Saudi Arabia wants US to kill 9/11 bill, threatens to dump US assets worth $750 bn – report
Saudi Arabia appears to be blackmailing the US, saying it would sell off American assets worth a 12-digit figure sum in dollars if Congress passes a bill allowing the Saudi government to be held responsible for the 9/11 terrorist attacks.
The warning was delivered by Saudi Foreign Minister Adel al-Jubeir last month during a visit to Washington, the New York Times reported. He said his country would sell up to $750 billion in US treasury securities and other assets before the bill puts them in jeopardy.
The newspaper said Riyadh’s resolve to actually deliver on the threat is dubious, since selling off those assets would be technically challenging and would damage the dollar, against which the Saudi national currency is pegged.
Under the current US law, foreign nations have a degree of immunity from being sued in American courts. The Foreign Sovereign Immunities Act of 1976 is one of the reasons why families of the September 11, 2001 terrorist attacks largely failed to bring to court the Saudi royal family and charities over suspicion of financially supporting the attacks.
The bill introduced in the Senate would waiver the immunity for cases involving terrorist attacks that kill US citizens on US soil. Introduced by Republican Senator John Cornyn and Democrat Senator Chuck Schumer, it managed to overcome partisan divisions in the US legislation and passed without dissent through the Judiciary Committee in January.

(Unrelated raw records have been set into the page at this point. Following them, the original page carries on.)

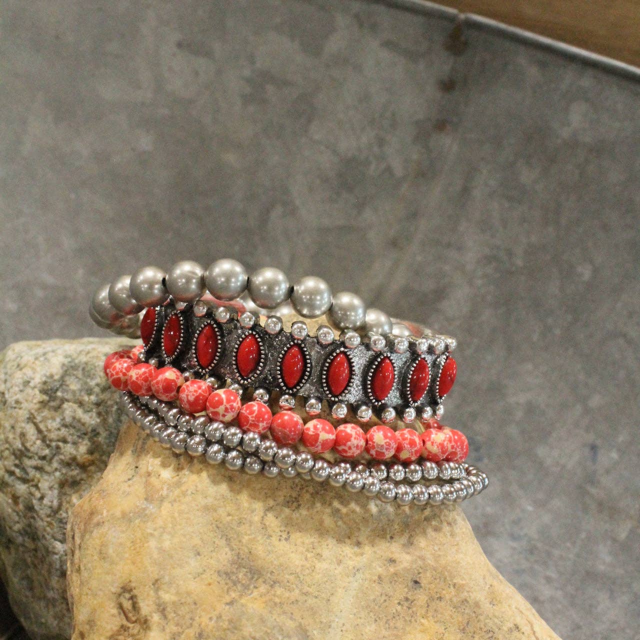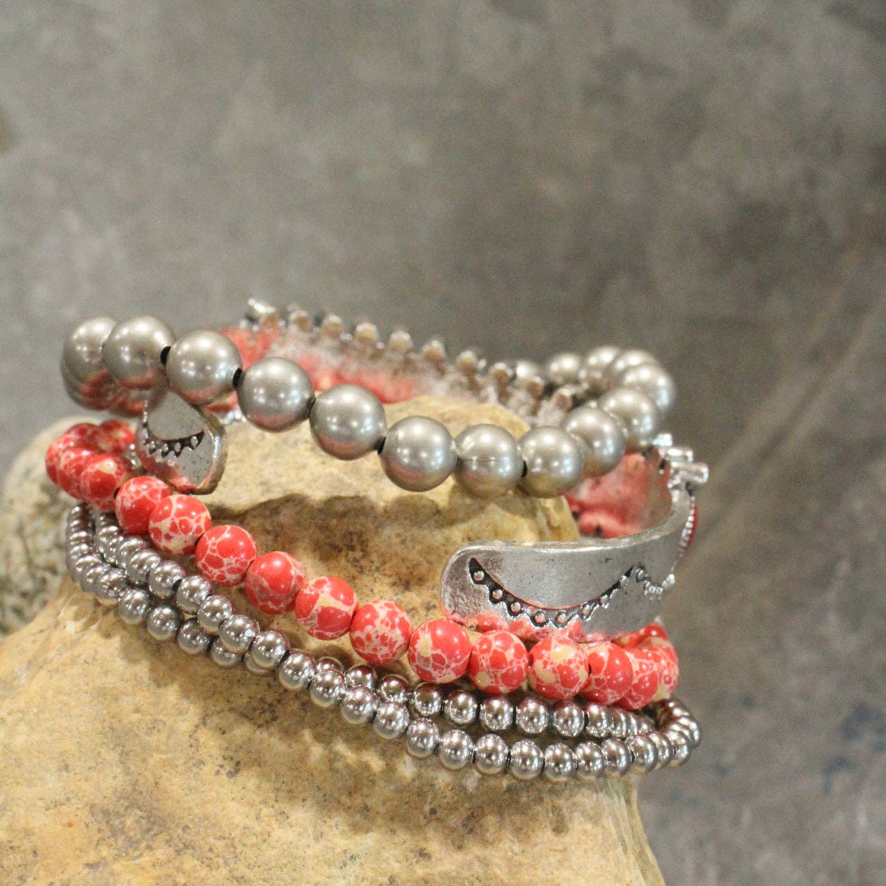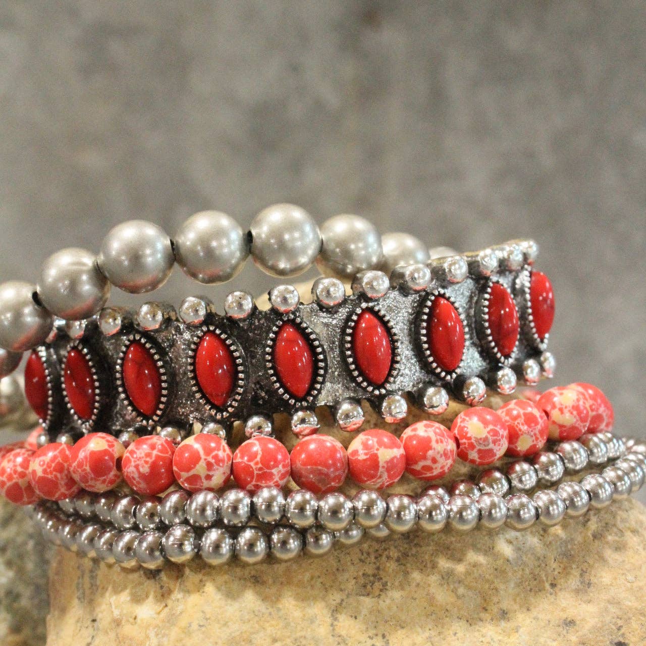 Fire & Steel stands out with unapologetic boldness and effortless style, created to be layered for maximum impact. This collection showcases shining silver beads, rich marbled red stones, and a meticulously crafted vintage-inspired bracelet, blending boho spirit with a fearless, modern attitude. Wear the entire set to command attention or combine pieces to express your audacious personality. Made in the USA from materials like acrylic, brass, bronze, clay, and sterling silver plating, this vibrant assortment of stones is made for those who dare to wear boho-chic every day.
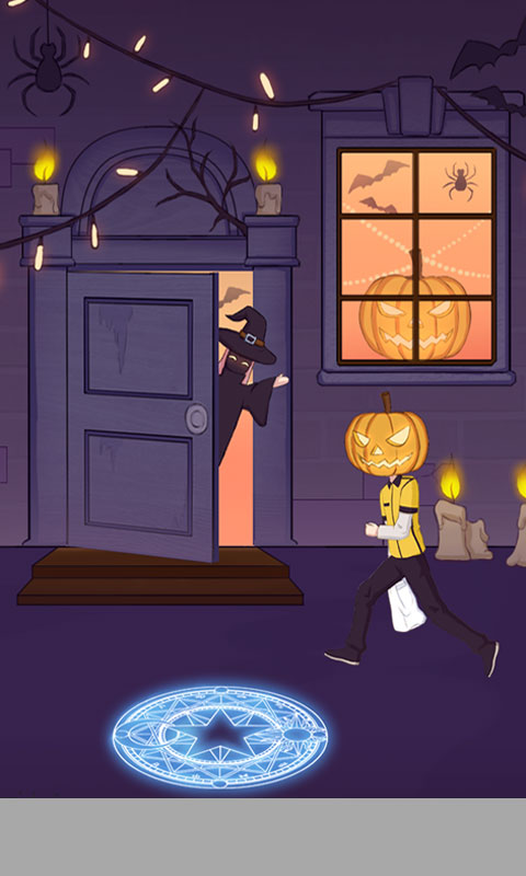 打开窗户,拿下南瓜头并戴上,敲门。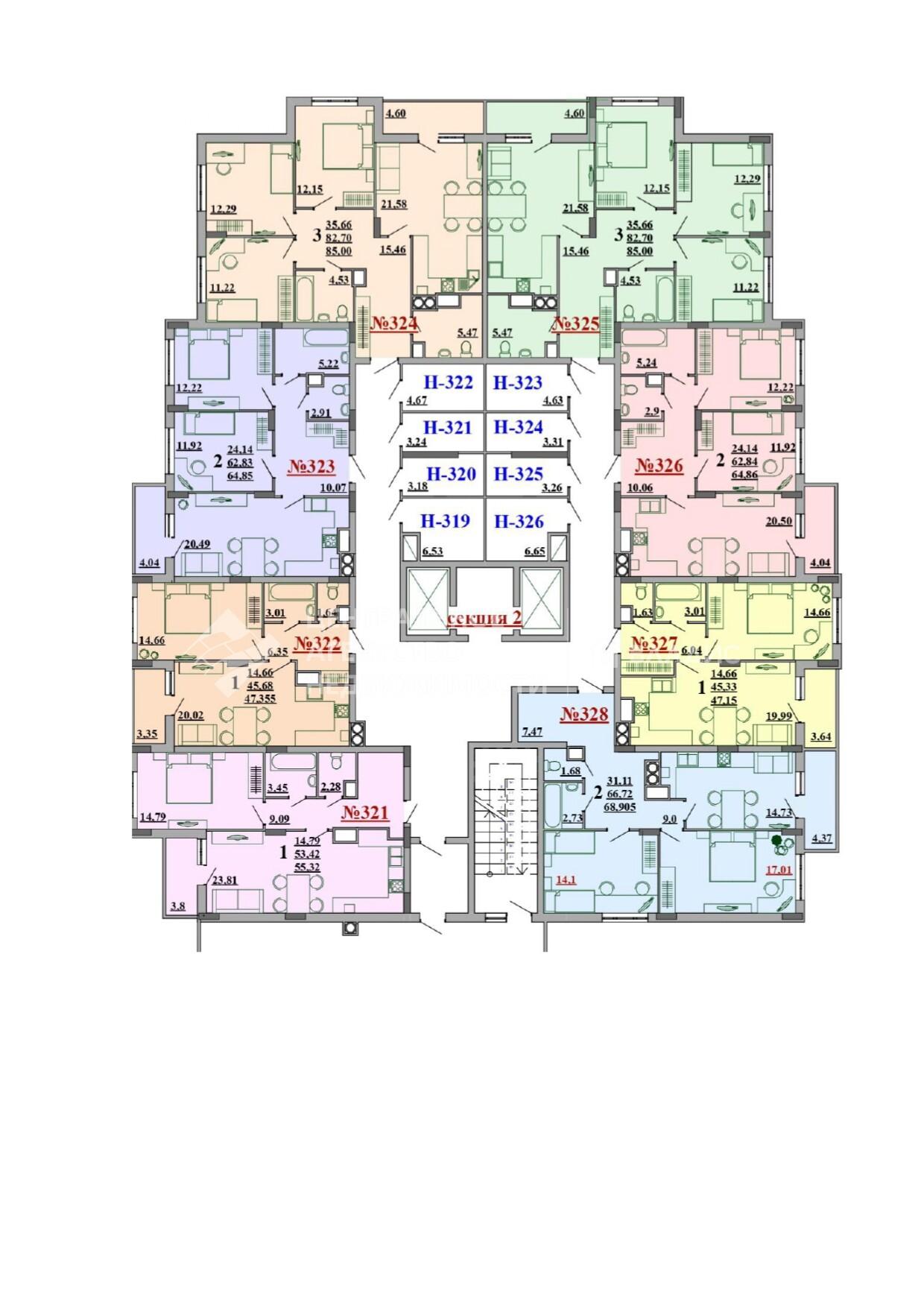 2-комнатная квартира 62.7 м² на 17 этаже

“As our nation confronts new and expanding terror networks that are targeting our citizens, stopping the funding source for terrorists becomes even more important,” Senator Cornyn said last month.
Possible links between the perpetrators of the attack and Saudi Arabia may be hiding in 28 classified pages of the 2002 congressional report on 9/11, which allegedly describe how Saudi Arabian nationals with links to the government financially assisted the 19 hijackers who flew airplanes into World Trade Center and the Pentagon. Many people, including the co-author of the redacted pages, former Florida Senator Bob Graham, have been campaigning for years to make them public.
The Obama administration is opposing the bill, saying it would make foreign nations retaliate by passing similar legislation and target American citizens and corporations in their national courts. Secretary of State John Kerry told a Senate panel in February that the bill, in its current form, would “expose the United States of America to lawsuits and take away our sovereign immunity and create a terrible precedent.”
Ironically, sovereign immunity didn’t stop a US judge from last month ordering Iran to pay $10.5 billion in damages to families of the 9/11 victims. The ruling was passed because Iran didn’t defend itself against the allegations. These put the blame on Iran over its links with the Lebanese militant group Hezbollah, which, plaintiffs argued, aided Al-Qaeda. The argument is based on the same congressional report, which also said no link between the hijackers and Iran had been found.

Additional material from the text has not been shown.